Climatic variability often is thought to be most important for ecosystem development at ecotones, while competition is thought to be most important farther from ecotones, where neighboring plants compete for scarce resources. However, climatic variability may also modulate consequences of competition, especially under recent and future climate change. Norway spruce (Picea abies) forests are among the most important ecosystems in the mountain regions of Europe and provide various ecosystem services. Many of these forests are currently in a self-thinning, stem-exclusion phase. Understanding processes governing forest dynamics during this phase is necessary for understanding future forest structure and processes as well as effects of climatic variability on ongoing forest development. We studied growth and mortality patterns in unmanaged 100–150years-old Norway spruce forests that originated after stand-replacing disturbances in the Parangalitsa Reserve in Bulgaria. We collected data on forest structure and tree ring samples from 648 live and dead trees (DBH >4cm) to analyze onset, pattern and duration of mortality, as well as contributing factors.

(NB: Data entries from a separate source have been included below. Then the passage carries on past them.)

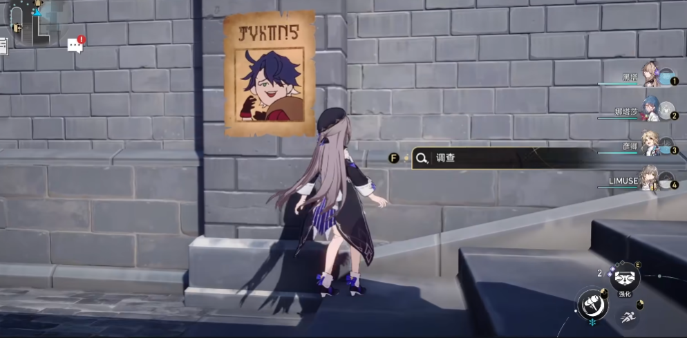 第四张和第五张都在售货机旁边,其中一张靠近地图上方,另一张在地图下方。注意下方那张有显示bug,靠近墙壁才会触发调查点。第六张藏在歌德酒店楼梯下的墙壁,还是三月七的画像,活灵活现。最后一张在歌德酒店门口的公告栏,主角的画像格外醒目,标题直接用了乆乆乆,收集时记得互动一下。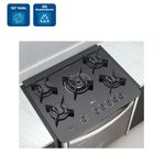 Apresenta mesa em vidro temperador, trempes em ferro fundido, queimador com tecnologia italiana. Forno com capacidade de 110 Litros.
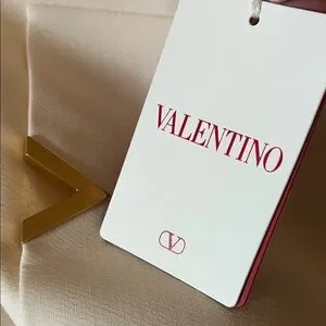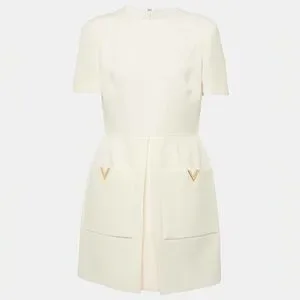 Valentino Garavani Cream Short Sleeve Mini Dress with Gold V Accents

We found that climate extremes acted together with competition to cause sharp growth declines lasting from a few years to several decades and, in some cases, eventually led to death. The majority of dead trees had one to several consecutive growth declines, most of which initiated in response to extreme summer droughts during periods of high within-stand competition (after trees were 40–50years old). Our tree-ring analysis revealed that some suppressed trees that died were more drought-sensitive than living trees. Other climate extremes such as unusually cold winters or summers also contributed to sharp growth reductions in some cases. Trees that died had significantly lower initial radial growth, which suggests that in the absence of external disturbances, the outcome of mortality in the stem-exclusion stage may be pre-determined from factors that determine initial growth rates. Spatial distribution data showed that there was no significant aggregation of dead and live trees and that in almost all cases, neither live nor dead trees were clustered.
Our findings contribute to understanding mortality processes in self-thinning subalpine Norway spruce forests in Europe and show that under climate change scenarios that include more frequent future droughts, even forests in which competition is thought to be the main driver of dynamics, may experience higher rates of mortality.